(Exercise data Opens)

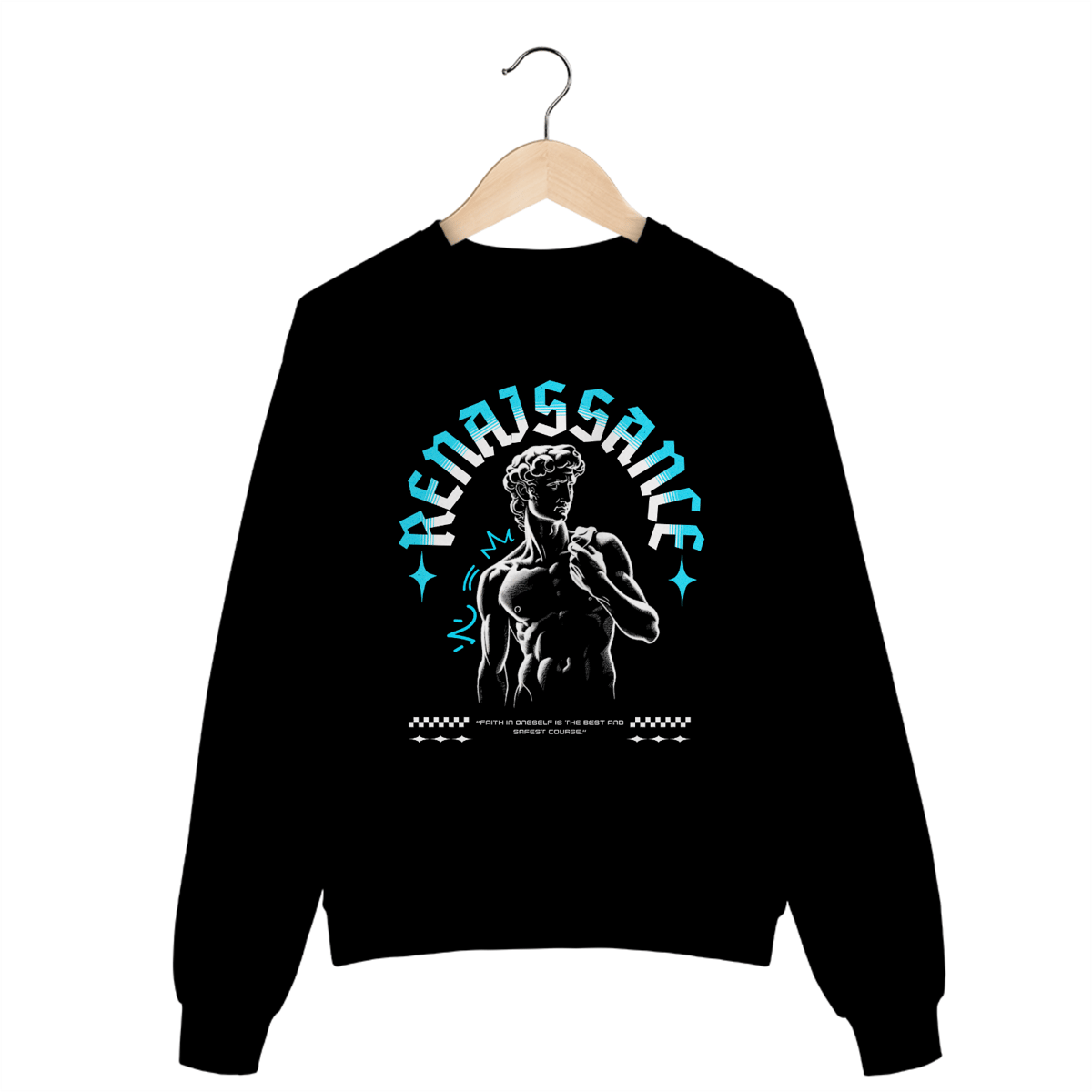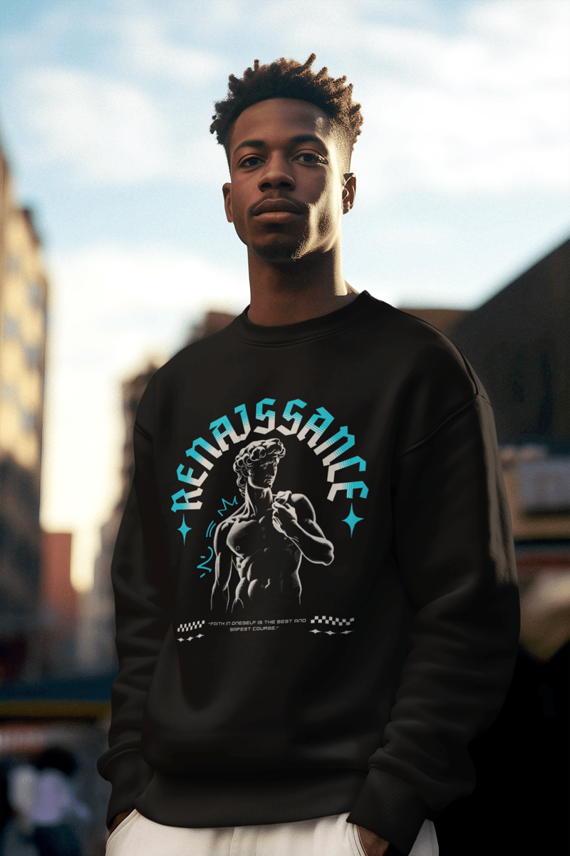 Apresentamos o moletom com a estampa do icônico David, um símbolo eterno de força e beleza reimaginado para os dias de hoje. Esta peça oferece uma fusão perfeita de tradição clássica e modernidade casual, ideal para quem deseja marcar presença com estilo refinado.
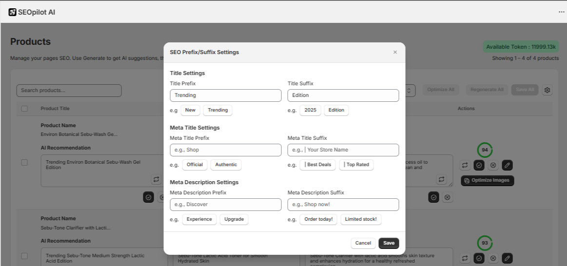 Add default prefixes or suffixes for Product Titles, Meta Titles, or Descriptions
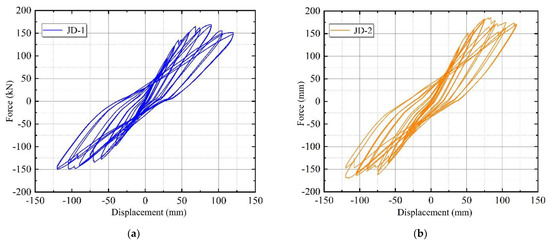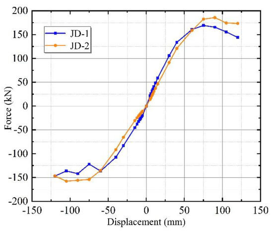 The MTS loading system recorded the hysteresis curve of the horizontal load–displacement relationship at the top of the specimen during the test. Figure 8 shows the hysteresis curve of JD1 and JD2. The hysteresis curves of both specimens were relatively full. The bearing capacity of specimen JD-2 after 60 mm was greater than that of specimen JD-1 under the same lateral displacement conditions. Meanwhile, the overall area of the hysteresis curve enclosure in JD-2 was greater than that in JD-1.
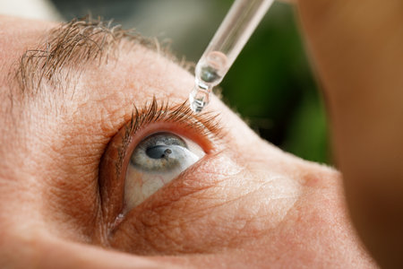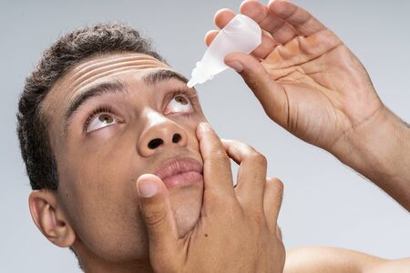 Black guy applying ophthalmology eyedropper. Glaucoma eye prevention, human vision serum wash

(Exercise data Closes)

_Work instructions_.
Copy word for word every line from the start of the material through the line holding "Add default prefixes". The pictures are not part of the copy.

_Finished task_.
 Apresentamos o moletom com a estampa do icônico David, um símbolo eterno de força e beleza reimaginado para os dias de hoje. Esta peça oferece uma fusão perfeita de tradição clássica e modernidade casual, ideal para quem deseja marcar presença com estilo refinado.
 Add default prefixes or suffixes for Product Titles, Meta Titles, or Descriptions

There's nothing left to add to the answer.